Practitioner Track (Lessons 61-120)

  1. Docker Fundamentals

  • Objective: Understand what a container is and build your first image.

  • Details: Write a Dockerfile for a Node.js REST API. Understand COPY vs. ADD, CMD vs. ENTRYPOINT.

  1. Image Optimization

  • Objective: Build small, secure, and efficient container images.

  • Details: Implement multi-stage builds. Scan images for vulnerabilities using trivy.

  1. Container Networking & Storage

  • Objective: Connect containers and persist data.

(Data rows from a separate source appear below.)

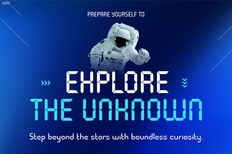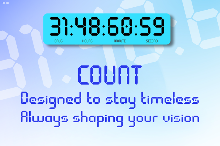 Additionally, its sleek tone and confident structure ensure that your work not only looks modern but also feels futuristic in essence. Whether youโre building a brand identity, designing a UI interface, or creating promotional visuals, COUNT will make your message stand out effortlessly.
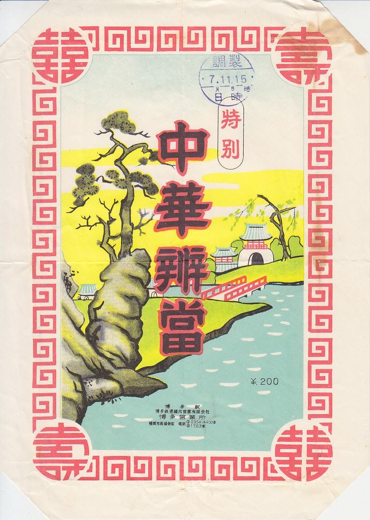 1960年代の、7月11日15時の調製と思われる、昔の博多駅弁の掛紙。中華弁当ということで、赤い雷紋に中国庭園という中華っぽい絵柄にしたのだろう。
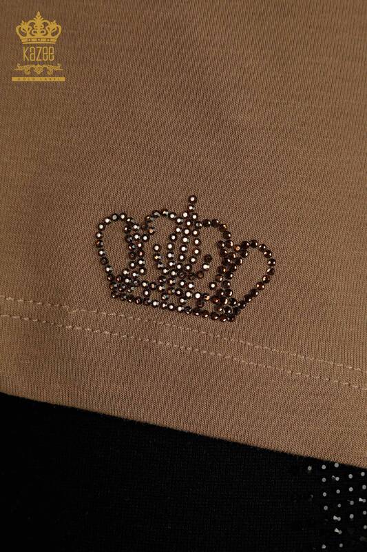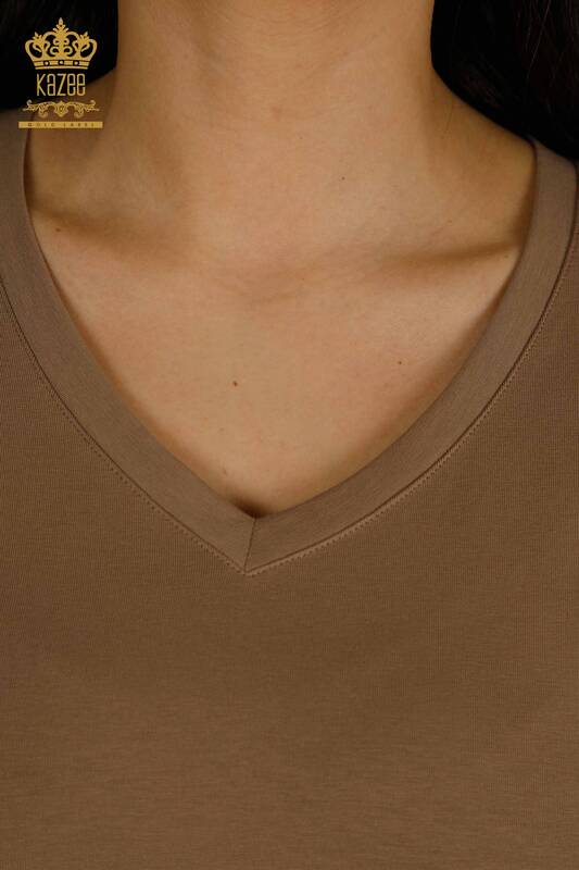 Wholesale Women's Blouse V-Neck Stone Embroidered Logo Light Brown - 79564 | KAZEE

  • Details: Differentiate between bind mounts and named volumes. Implement a database backup/restore workflow.

  1. Multi-Container Apps

  • Objective: Define and run complex applications locally with Docker Compose.

  • Details: Build a full docker-compose.yml for an e-commerce app, including depends_on, healthchecks, and environment variables.

  1. Break-It-Friday: Debug containerized environments

  • Objective: Debug common issues in containerized environments.

  • Details: A service cannot resolve another’s DNS name. Find and fix the misconfigured Docker network or service alias.

  1. Intro to Kubernetes

  • Objective: Understand the purpose of Kubernetes and set up a local cluster.

  • Details: Set up a local multi-node cluster using kind. Use kubectl to explore control plane components.

  1. Pods: The Atomic Unit

  • Objective: Master the fundamental building block of Kubernetes.

  • Details: Create a multi-container Pod. Configure Pod lifecycle hooks (postStart, preStop).

  1. Workload Controllers: Deployments

  • Objective: Manage stateless applications and perform rolling updates.

  • Details: Perform a zero-downtime rolling update. Inspect ReplicaSet objects. Configure maxSurge and maxUnavailable.

  1. Services & Networking

  • Objective: Expose applications within and outside the cluster.

  • Details: Use a LoadBalancer service. Understand how Endpoints link Services to Pods.

  1. Break-It-Friday: Debug K8s scheduling and networking

  • Objective: Diagnose and resolve common Kubernetes scheduling and networking problems.

  • Details: A Service has no Endpoints. Find the label selector mismatch between the Service and the Pods.

  1. ConfigMaps & Secrets

  • Objective: Manage application configuration and sensitive data.

  • Details: Mount ConfigMaps and Secrets as files. Implement a rolling update to pick up configuration changes.

  1. Health Probes & Lifecycle

  • Objective: Build self-healing and resilient applications.

  • Details: Implement a startupProbe for slow-starting applications. Configure a terminationGracePeriodSeconds.

  1. Resource Management

  • Objective: Define resource requests and limits.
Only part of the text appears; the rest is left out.